Wednesday, January 13, 2010

Overcoming Password Woes - A Presentation

With our recent change to everyone's password and the hardening of some of our standards, we've understandably got a bit of internal confusion over passwords. I decided to not only sort out our internal problems but also give our users some great tips for their internet passwords.

Here's a presentation I've prepared for our users. I've stripped off branding and names so that
you can use it in your own organisations. You have my permission to reuse it as you see fit.


Graham Dodge said...

All good stuff ... I liked the system of taking the first letters from a memorable phrase so that I can easily remember my password is 'mhall1fwwas' by combining 'Mary had a little lamb its fleece was white as snow. with a number/letter swap for the 'i'.

There are so many memorable phrases in IT:
* "No Computer Will 3ver Need More than 640k Of Ram".
* "Trust Me... 1'm A Consultant".
* "This 1s Another Fixed Price Development Project From ".
* "We Have Now Assigned To Your Project Because 1s No Longer With The Company".
* "1 Did Not Have Sex With That Woman".

giuliocc said...


Excellent presentation. I practice something similar, but I apply a basic principle with passwords.

I classify systems/web-sites into 2 categories, mission-critical, and non-mission critical.

For mission critical things like email passwords, I use a couple of super complex passwords. Whenever I register for non-critical sites that "need" an email account to verify my identity, I use a couple of non-critical passwords for those accounts.

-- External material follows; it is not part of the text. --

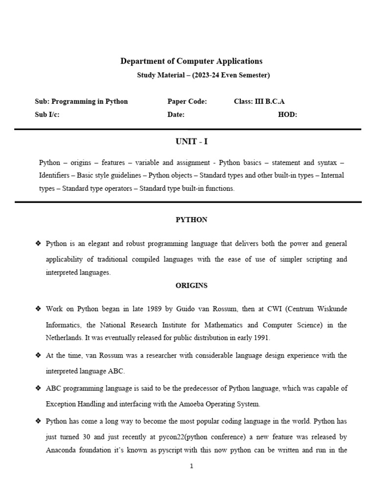 Based on this image's title: “Python Programming for BCA Semester VI | PDF | Scripting Language ...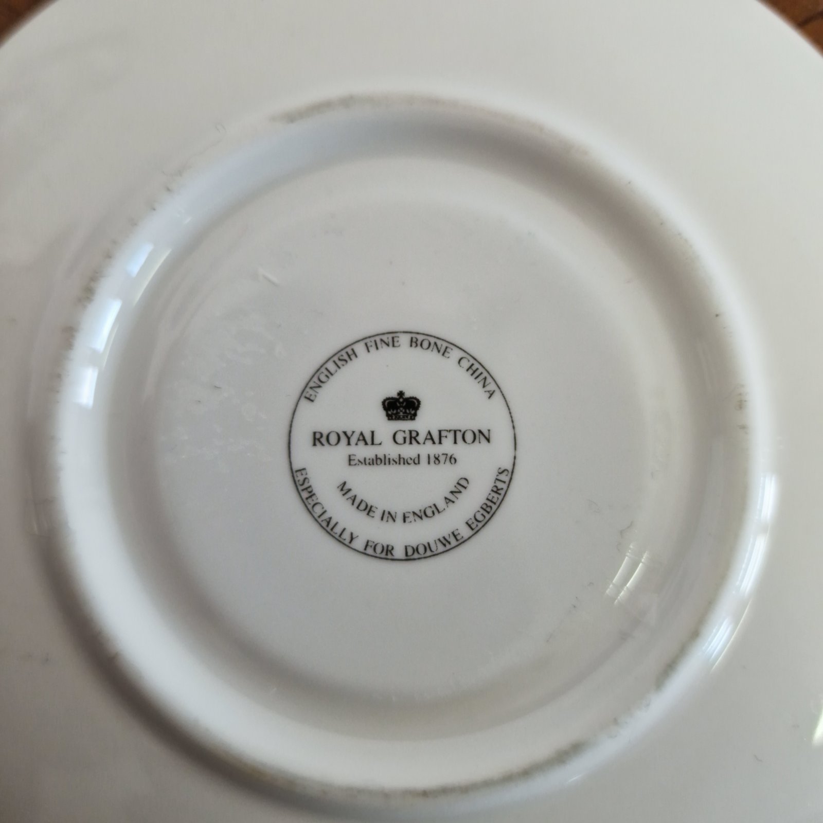 Представяме Ви елегантни чаши от фин костен порцелан Royal Grafton, отличаващи се с изключително качество и класически английски стил. Финото изпълнение, деликатната форма и прецизната декорация придават усещане за лукс и изтънченост. Костният порцелан е лек, здрав и с характерна мекота на блясъка, което прави чашите едновременно красиви и приятни за използване. Подходящи са както за ежедневна употреба, така и за колекционери или специални поводи. Истински британски акцент за всяка елегантна трапеза.

The point being, if these other sites get hacked, they will see my email account and probably try the same password. So, if the password is vastly different between mission critical things and gaming sites or whatever, there is a reasonably good barrier to entry in trying to get to really sensitive stuff.

The other thing to is eliminating identity theft. Usually you will put your birth date or some other personal info into these sites as well. Designers of these sites are also inviting hackers to build a better profile of you. So, also, have a fictitious birth date. So, don't be too liberal with your personal identity, otherwise it's not going to personal for long.

Gavin Bollard said...

Great ideas guys. I know that this won't provide the most "perfect" passwords but there's a fine line between being too secure and too difficult. ... especially with our users.